Une autre série d’objets est née à partir d’une photographie de Joel Meyerowitz montrant une table après un repas. Ce n’était pas seulement la composition qui attirait l’attention, mais aussi les couleurs, la lumière et les proportions singulières des verres et des bols présents dans la scène.

Joel Meyerowitz

Plutôt que de reproduire fidèlement la photographie, certains éléments ont été isolés puis réinterprétés. Ils ont été transformés afin de pouvoir exister dans d’autres contextes et re-joindre de nouvelles représentations architecturales sans référence directe à l’image d’origine.

Cette démarche ajoute une dimension supplémentaire à la représentation. Pour la plupart des observateurs, ces objets participent simplement à la crédibilité de la scène. Pour d’autres, ils peuvent évoquer une époque, une atmosphère, une culture visuelle ou un souvenir photographique.

La référence cesse alors d’être une citation explicite pour devenir une présence discrète intégrée à l’objet lui-même.

Cette idée nous semble particulièrement intéressante. Une image d’architecture doit rester claire et servir le projet qu’elle représente. Mais elle peut également contenir plusieurs ni-veaux de lecture, certains immédiatement visibles, d’autres presque imperceptibles, tout en enrichissant la profondeur de l’ensemble.

Savoir où prendre son temps

Les bibliothèques d’objets restent indispensables. Elles permettent de travailler efficacement et de répondre aux contraintes concrètes des projets. Il serait inutile et irréaliste de reconstruire chaque élément à partir de zéro.

L’enjeu n’est donc pas de rejeter les ressources existantes, mais d’identifier les moments où elles atteignent leurs limites.

Certaines images reposent principalement sur la lumière ou le cadrage. D’autres nécessitent un mobilier particulier, un détail de matière ou un objet spécifique pour acquérir leur caractère propre. Dans ces situations, il devient pertinent de ralentir et d’investir davantage de temps dans la création.

Créer un objet singulier n’est pas une quête systématique d’originalité. C’est une manière de préserver l’identité d’une image et d’éviter qu’elle ne devienne interchangeable.

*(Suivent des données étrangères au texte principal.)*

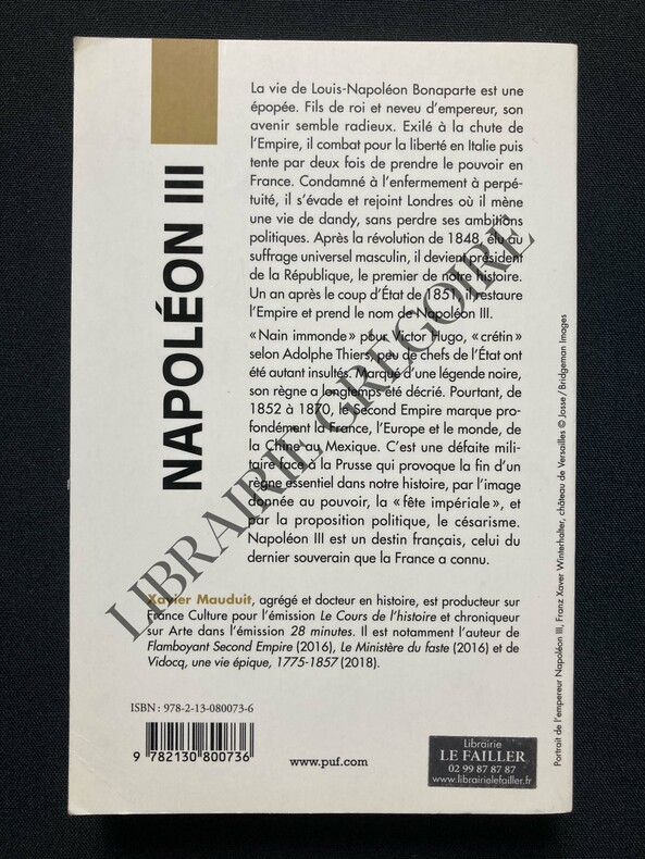 1 planche en frontispice, portrait photographique de Napoléon III dans son cabinet des Tuileries (complet) 5eme édition, 1893 Contents, Chapitres : Au lecteur, ii, texte, 367 pages - L'homme intime - L'homme politique - Le prince Napoléon - Ombres tragiques - L'empereur et les salons - Eugène Rouher - Emile Ollivier - Apothéose - Le drame (mort tragique de Maximilien, empereur du Mexique) - La déclaration de guerre - Sedan - La fin d'un règne - Pierre de Lano, 1859-1904 est un écrivain français - Charles-Louis-Napoléon Bonaparte, dit Louis-Napoléon Bonaparte, né le 20 avril 1808 à Paris et mort le 9 janvier 1873 à Chislehurst (Royaume-Uni), est un monarque et un homme d'État français. Il est à la fois l'unique président de la Deuxième République, le premier chef d'État français élu au suffrage universel masculin, le 10 décembre 1848, le premier président de la République française, et après la proclamation de l'Empire le 2 décembre 1852, le dernier monarque du pays sous le nom de Napoléon III, empereur des Français. - Troisième fils de Louis Napoléon Bonaparte dit Louis Bonaparte, roi de Hollande, et d'Hortense de Beauharnais, il naît prince français et prince de Hollande : neveu de l'Empereur Napoléon Ier, il est à la fois neveu et petit-fils de l'impératrice Joséphine de Beauharnais (sa grand-mère maternelle). Exilé après la chute de l'Empire, conspirateur avec son frère aîné pour l'unité italienne, il devient héritier présomptif du trône impérial après les morts successives de son frère aîné Napoléon-Louis en 1831, et de son cousin le duc de Reichstadt (Napoléon II, roi de Rome) en 1832. Ses premières tentatives de coup d'État, mal préparées (Strasbourg en 1836, Boulogne-sur-Mer en 1840), échouent. Il est condamné à l'emprisonnement au fort de Ham. Mais il profite des suites de la révolution française de 1848 pour se faire élire représentant du peuple puis président de la République. Son coup d'État du 2 décembre 1851 met fin à la Deuxième République, et lui permet l'année suivante de restaurer l'Empire à son profit. Face à l'opposition des républicains, des libéraux de Adolphe Thiers, de certains monarchistes et des catholiques (après l'unité italienne), il donne à son pouvoir un « Empire autoritaire » qui s'atténue après 1859 pour laisser place, progressivement, à un « Empire libéral ». La philosophie politique qu'il met en place, et qu'il présente dans ses Idées napoléoniennes et dans De l'extinction du paupérisme (1844), est une synthèse d'un bonapartisme mêlé à du romantisme, du libéralisme autoritaire, et du socialisme utopique. Le règne de cet admirateur de la modernité britannique est marqué par un développement industriel, économique et financier sensible, porté par une forte croissance mondiale qu'illustre la transformation de Paris sous l'autorité du préfet Georges Eugène Haussmann. Sa politique extérieure vise à restaurer la puissance française en Europe et dans le monde. Il rompt l'isolement diplomatique voulu au congrès de Vienne par trois puissances de la Sainte-Alliance, son entente avec la Grande-Bretagne lors de la guerre de Crimée contre la Russie, son soutien aux mouvements nationaux en particulier lors de l'unité italienne contre l'Empire d'Autriche, et ses diverses opérations outre-mer parfois en coalition avec la Grande-Bretagne permettent l'agrandissement du territoire (Nice, Savoie) ainsi qu'une expansion coloniale et commerciale. Elle provoque cependant l'hostilité du royaume de Prusse et subit un échec au Mexique. Les tensions avec la Prusse aboutissent au piège de la dépêche d'Ems et à la guerre franco-allemande de 1870, qui scelle la fin du Second Empire. Le 2 septembre 1870, Napoléon III est capturé lors de la bataille de Sedan. Le 4 septembre 1870, la Troisième République est proclamée. Napoléon III part en exil en Angleterre, où il meurt en janvier 1873. (source : Wikipedia) couverture propre, à peine brunie sur les bords et les dos avec quelques rousseurs, une infime déchirure sans manque sur le haut du mors du plat supérieur, intérieur sinon propre, papier à peine jauni avec quelques rousseurs, cela reste un bon exemplaire de la 5eme édition de 1893
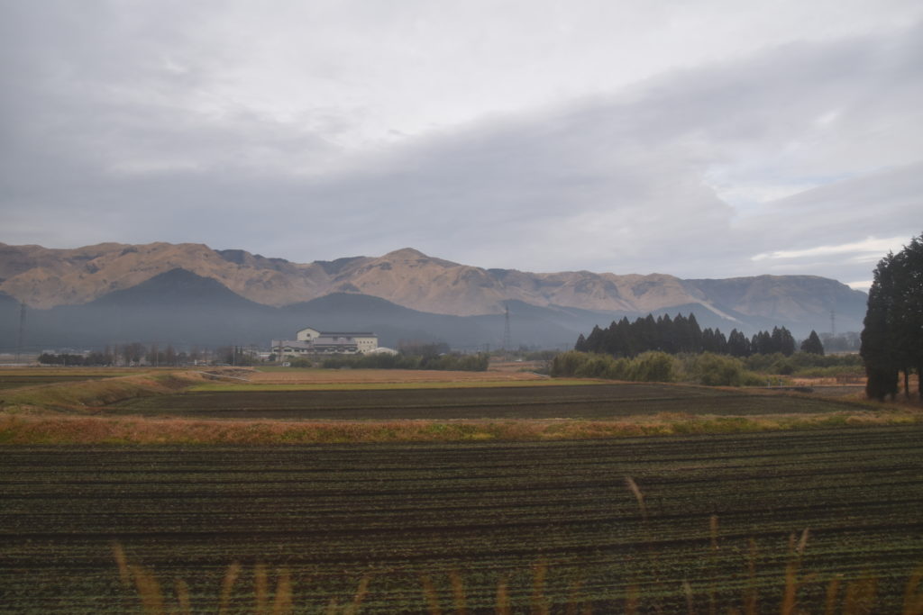 阿蘇駅近くになったら、阿蘇山のカルデラ内に入ったようで、遠くに外輪山がグルリと見える。
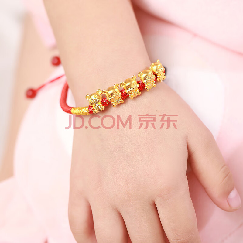 商品相册:Lossot十二生肖鼠本命年手链足金五福鼠黄金转运珠手链5D金鼠生日礼物第
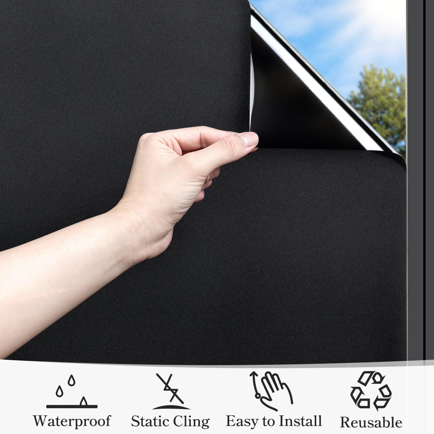 DUOFIRE Blackout Window Film Completely Light Blocking Privacy Window Film Room Darkening Frosted Tint Films for Day Sleep, Non Adhesive Static Cling Films DT-C009 (17.4 x 118 Inch)
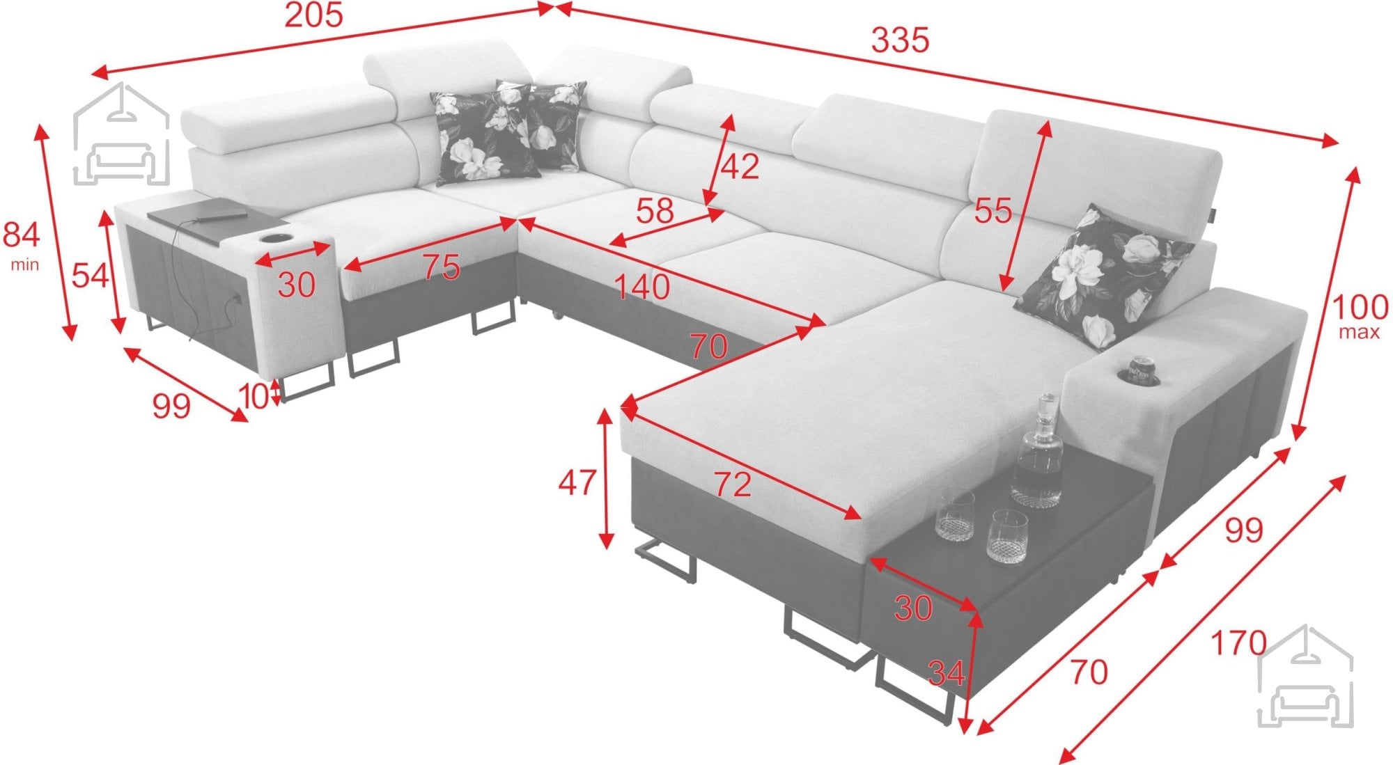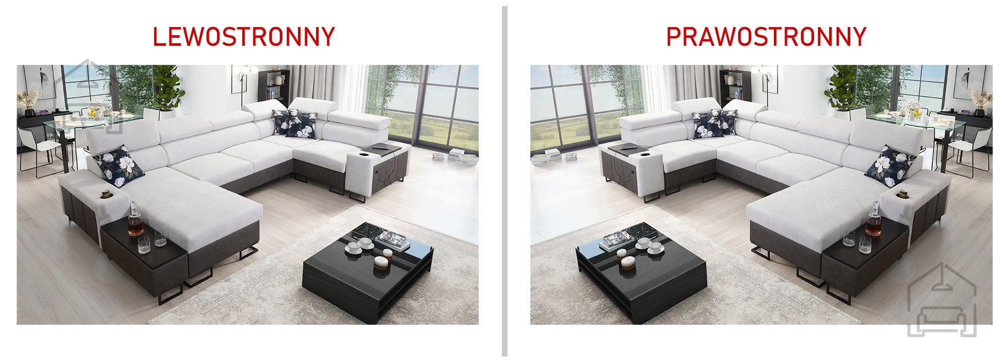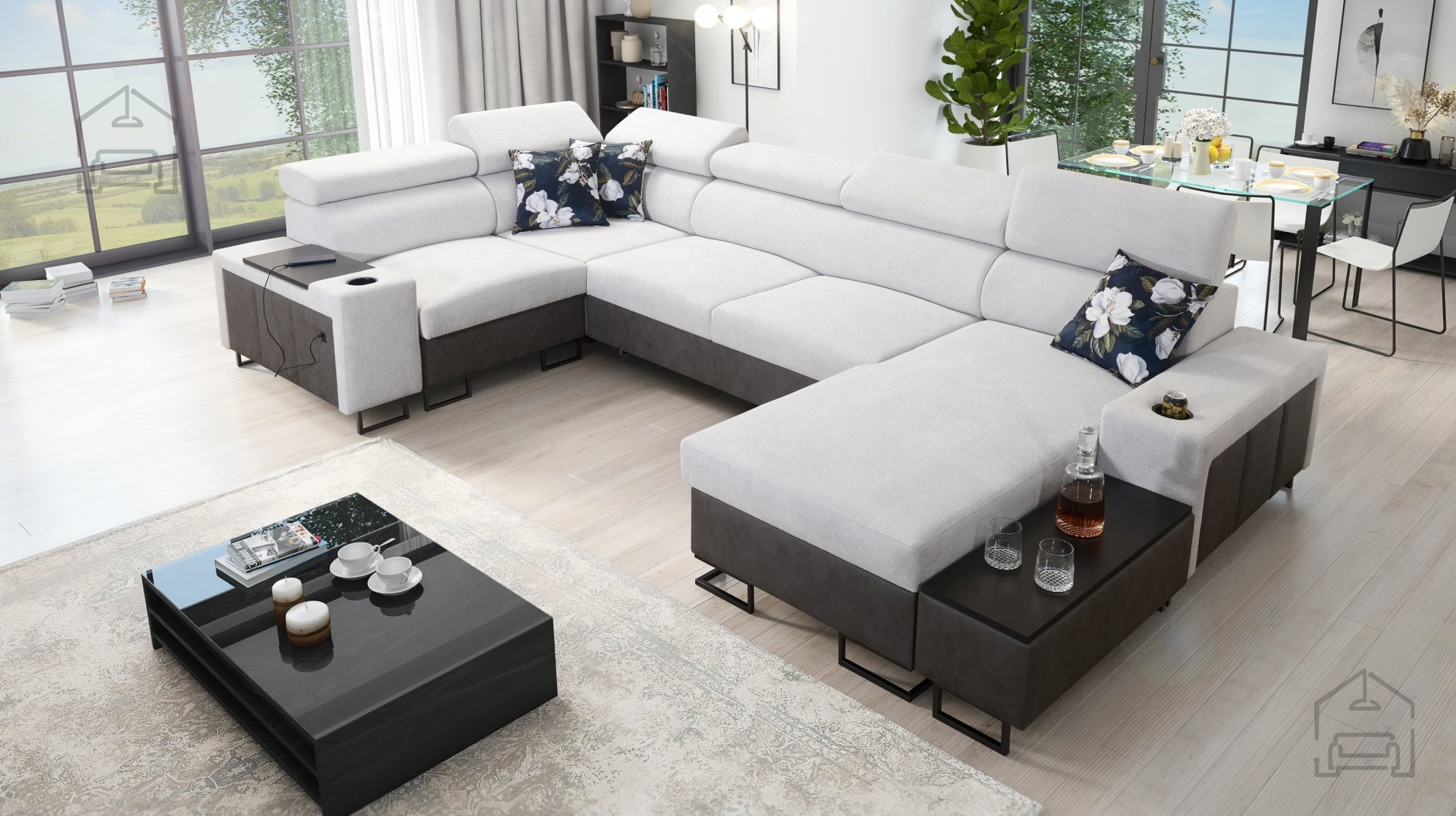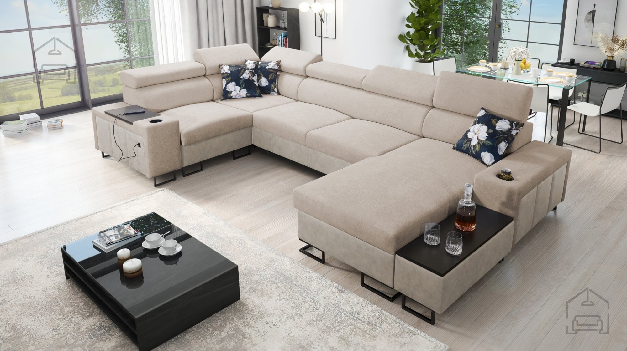 Sedežna garnitura vključuje polico v kotu, ki dopolnjuje uporabnost in dizajn. Možno je naročiti blazine z zadrgo (z doplačilom), kar olajša čiščenje in menjavo prevlek. Površina za spanje je serijsko izdelana v kontrastni barvni kombinaciji, vendar jo je mogoče po želji naročiti tudi v barvi sedežne garniture (z doplačilom). Pri standardni izvedbi proizvajalec naključno izbere barvni odtenek in strukturo površine spanja, kar pomeni, da je vsak kos nekoliko unikaten.

À mesure que les outils accélèrent les processus de production et que les références circulent toujours plus rapidement, la singularité se logera peut-être moins dans les grands effets que dans des détails modestes auxquels quelqu’un aura consacré une attention particulière.

Dans une représentation architecturale, l’objet singulier dépasse donc le simple rôle d’accessoire. Il devient parfois le lieu où se rencontrent le design, la culture visuelle et une forme contemporaine d’artisanat numérique.